Two more rules round out the release:
missing-deprecation detects functions that use warnings.warn(DeprecationWarning) or the @deprecated decorator (PEP 702) without mentioning deprecation anywhere in their docstring. The match is intentionally loose — the word "deprecated" anywhere in the docstring satisfies it, because there's no single standard format for deprecation notices.
undocumented-init-params catches classes whose __init__ accepts parameters but neither the class docstring nor the __init__ docstring has an Args: section. This one defaults to off — it's opt-in for teams that want it.
A few deliberate choices worth calling out:
Reverse checks use recommended severity, not required. Forward checks ("you raise but don't document it") have low false-positive rates because the code is the source of truth. Reverse checks ("you document but don't raise it") have higher false-positive risk — a function might delegate to a helper that raises, or a parent class might document exceptions from subclass overrides. We chose recommended to surface these without blocking CI pipelines.

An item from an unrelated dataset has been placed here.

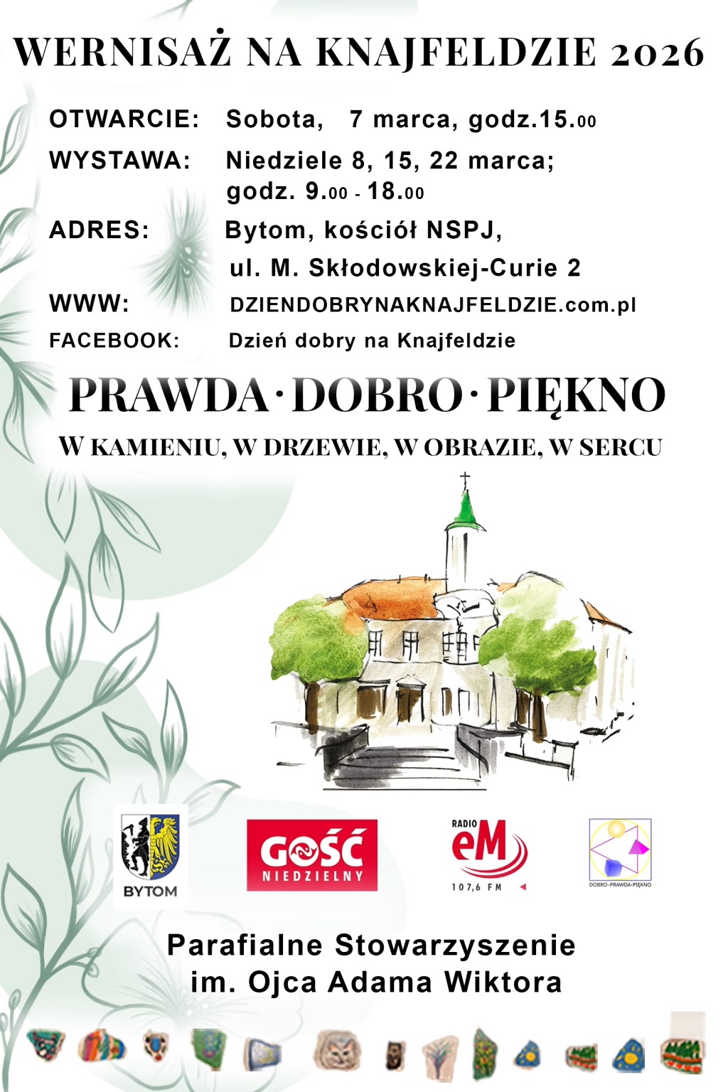 Trzeci „Wernisaż na Knajfeldzie”, na rozpoczęcie wystawy malarstwa i rzeźby, odbędzie się pod przewodnim hasłem: „DOBRO, PRAWDA, PIĘKNO w kamieniu, w drzewie, w obrazie, w sercu”. Oprócz obrazów i rzeźb będzie można zobaczyć „artystyczne kamyczki” w wykonaniu przedszkolaków i dorosłych oraz makietę pomieszczenia z katakumb św. Pryscylli w Rzymie. Zwiedzający będą zaproszeni do tworzenia jednego, wspólnego dzieła sztuki.

Two rules default to off. missing-return-type and undocumented-init-params are opt-in. Not every team wants to enforce return types in docstrings when they already have type annotations, and not every class needs __init__ parameter docs in the class body. Progressive adoption matters.
Parameter agreement checks support both directions simultaneously. Rather than shipping "check if params are documented" and "check if documented params exist" as a single rule, they're separate rules gated by the same require-param-agreement config key. This means you can see exactly which direction the drift went — missing documentation vs. stale documentation — in your CI output.
If you maintain a Python library that other developers (or AI tools) consume, v1.14 catches the class of documentation bugs that cause the most downstream damage. Parameter mismatches, phantom exceptions, and trivial summaries are the documentation equivalent of type errors — they compile fine but break at runtime.
If you're using docvet in CI already, upgrade and enable the new checks:
pip install docvet==1.14.1
The param agreement checks are on by default. Reverse enrichment checks are on by default. missing-return-type and undocumented-init-params are opt-in — enable them in pyproject.toml when you're ready:
[tool.docvet.enrichment]
require-return-type = true
require-init-params = true
v1.14 brings docvet to 31 rules across six quality layers. The next focus area is expanding what "truthfulness" means — moving beyond structural checks into semantic verification. The question isn't just "did you document the parameters?" but "is what you said about them accurate?"
Every function with a stale Args: section is a wrong answer waiting to happen — in your IDE, in your code review, in the pull request your AI assistant is about to generate. docvet 1.14 catches them before they ship.